Dawn Reader

Dawn Reader
from Open Door Coffee Co.; Hudson, OH; Oct. 26, 2016

Friday, February 10, 2012

"Everybody's gone Cerf-in' ...."

Those of us of a certain age remember Bennett Cerf (1898-1971), one of the founders of Random House.  (He was also involved in the court case that allowed Ulysses to be published here.  I have mixed feelings: it was a great victory for freedom of the press; it had a deleterious effect on my GPA at Hiram College the term I was reading--okay, supposed to be reading--that novel.)

But those of us of a certain age remember Bennett Cerf for a different reason: he was a panel member on one of my boyhood's most popular TV shows What's My Line? a sort of quiz program that ran on CBS from 1950-1967--Sundays at 10:30 p.m.  Cerf joined the panel the second year and stayed till the show went off the air.  One of the sponsors was Stopette--an underarm deodorant that came in a little plastic squeeze bottle and didn't work--not for me, anyhow, in the heat of my Oklahoma boyhood and the furnace of my adolescent, uh, passions at Hiram High School ...

The format was fairly simple: panelists asked questions and tried to guess the profession or job ("line") of the guest.  Most were ordinary folks with weird jobs (their first guest: the hat-check girl at the Stork Club)--but each week also featured a "mystery guest," a celebrity of some sort whose appearance required that the panelists wear masks.

Check out YouTube for some What' My Line? moments like this ... Liz Taylor as mystery guest, 1954 ...

http://www.youtube.com/watch?v=1gR-vU44gd4

Okay ... so what does this have to do with anything?  Well, one of Random House's most popular writers during the 1950s and 1960s was ... John O'Hara, whose complete works I've nearly ... completed.  O'Hara wrote lots of letters to Cerf (some very businesslike, others, well, obnoxious).  But they were personally pretty close, and when O'Hara died in 1970, Cerf arranged for a memorial service at the Random House offices;  Cerf was one of the speakers; the other, Charles Poore, a New York Times reviewer who had always done his best to give O'Hara decent notices.  That day, Cerf called O'Hara "the most generally unappreciated author in American literary history" and placed him alongside Faulkner, Hemingway, and Fitzgerald (a ranking O'Hara himself thought he deserved--and was never too shy to assert!).  And Poore called him "the Chaucer of our age of violent affluence."

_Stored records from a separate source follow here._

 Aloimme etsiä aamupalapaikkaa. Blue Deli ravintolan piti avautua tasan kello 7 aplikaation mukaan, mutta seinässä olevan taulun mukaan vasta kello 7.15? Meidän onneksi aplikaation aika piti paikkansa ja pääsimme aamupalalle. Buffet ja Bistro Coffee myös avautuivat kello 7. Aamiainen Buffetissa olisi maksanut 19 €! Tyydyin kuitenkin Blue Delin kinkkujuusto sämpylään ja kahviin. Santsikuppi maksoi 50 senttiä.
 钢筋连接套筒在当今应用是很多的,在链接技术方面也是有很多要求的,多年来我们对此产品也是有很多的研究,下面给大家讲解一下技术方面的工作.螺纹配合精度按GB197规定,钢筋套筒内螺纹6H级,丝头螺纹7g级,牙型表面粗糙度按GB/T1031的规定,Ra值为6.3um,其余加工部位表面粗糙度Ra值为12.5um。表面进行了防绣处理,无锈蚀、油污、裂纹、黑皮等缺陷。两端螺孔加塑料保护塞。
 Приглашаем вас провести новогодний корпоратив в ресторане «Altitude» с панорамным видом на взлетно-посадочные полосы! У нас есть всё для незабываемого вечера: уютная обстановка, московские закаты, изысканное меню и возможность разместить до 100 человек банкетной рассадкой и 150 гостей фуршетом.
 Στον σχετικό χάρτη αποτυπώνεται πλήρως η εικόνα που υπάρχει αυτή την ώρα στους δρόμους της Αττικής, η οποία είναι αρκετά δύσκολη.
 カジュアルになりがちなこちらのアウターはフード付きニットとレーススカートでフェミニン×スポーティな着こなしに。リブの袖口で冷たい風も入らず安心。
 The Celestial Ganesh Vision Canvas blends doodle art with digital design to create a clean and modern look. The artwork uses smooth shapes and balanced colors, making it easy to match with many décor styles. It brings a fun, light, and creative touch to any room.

Well, I'm not so sure about all of that.  But it was a memorial service--can't have eulogists saying things like "O'Hara was a great writer, in his own mind."  Or: "John O'Hara could be both petty and a major pain in the ass."

In 1976 (after Cerf's death) Random House issued Cerf's incomplete memoirs, At Random, a book that focuses on his years as a publisher.  In it, he has some kind pages for O'Hara.  "It  doesn't take a genius," he says, "to make a best seller out of books by John O'Hara" (228).  But what most impressed Cerf about O'Hara (besides the vast income he brought to Random House) was this: "O'Hara in his work was the true professional, always in complete control of what he was doing.  ... He took great pride in delivering his manuscripts on the precise day he had promised, sometimes months in advance."  O'Hara was, wrote Cerf, "writing books faster than we could publish them" (271).